Thursday, April 23, 2009

Twain and me woulda gotta along real good.

Samuel Langhorne Clemens. "Mark Twain" as he become to be known as. Author of such masterpieces as The Adventures of Tom Sawyer, The Adventures of Huckleberry Finn, The Prince and the Pauper, A Connecticut Yankee in King Arthur's Court, among others, died 99 years this week. If you've never read at least the first two, you're depriving yourself of two of the most important books in American literature. No question. No argument.

Ernest Hemmingway argued that "all modern American literature comes from one book by Mark Twain called 'Huckleberry Finn' ". A new book, "Who is Mark Twain?", has just been released, containing 24 previously uncollected stories and essays.

Tom Sawyer and Huck Finn are Twain's quintessential books, capturing the carefree days of youth, while addressing and masticating over important issues like racial equality and women's rights - issues Twain was passionate about - with a profound sense of humor that Twain had become known for.

As far as government, Twain's celebrity overshadowed his views on such matters. But historians agree Twain was an anti-imperialist and anti-capitalist in his later years, while being critical of too much government.

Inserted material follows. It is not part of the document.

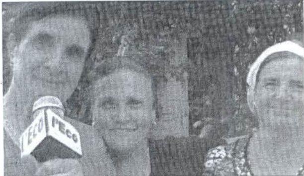
Il gruppo affiatato delle cuoche di Senise

"The mania for giving the Government power to meddle with the private affairs of cities or citizens is likely to cause endless trouble, through the rivalry of schools and creeds that are anxious to obtain official recognition, and there is great danger that our people will lose our independence of thought and action which is the cause of much of our greatness, and sink into the helplessness of the Frenchman or German who expects his government to feed him when hungry, clothe him when naked, to prescribe when his child may be born and when he may die, and, in fine, to regulate every act of humanity from the cradle to the tomb, including the manner in which he may seek future admission to paradise." - "Official Physic"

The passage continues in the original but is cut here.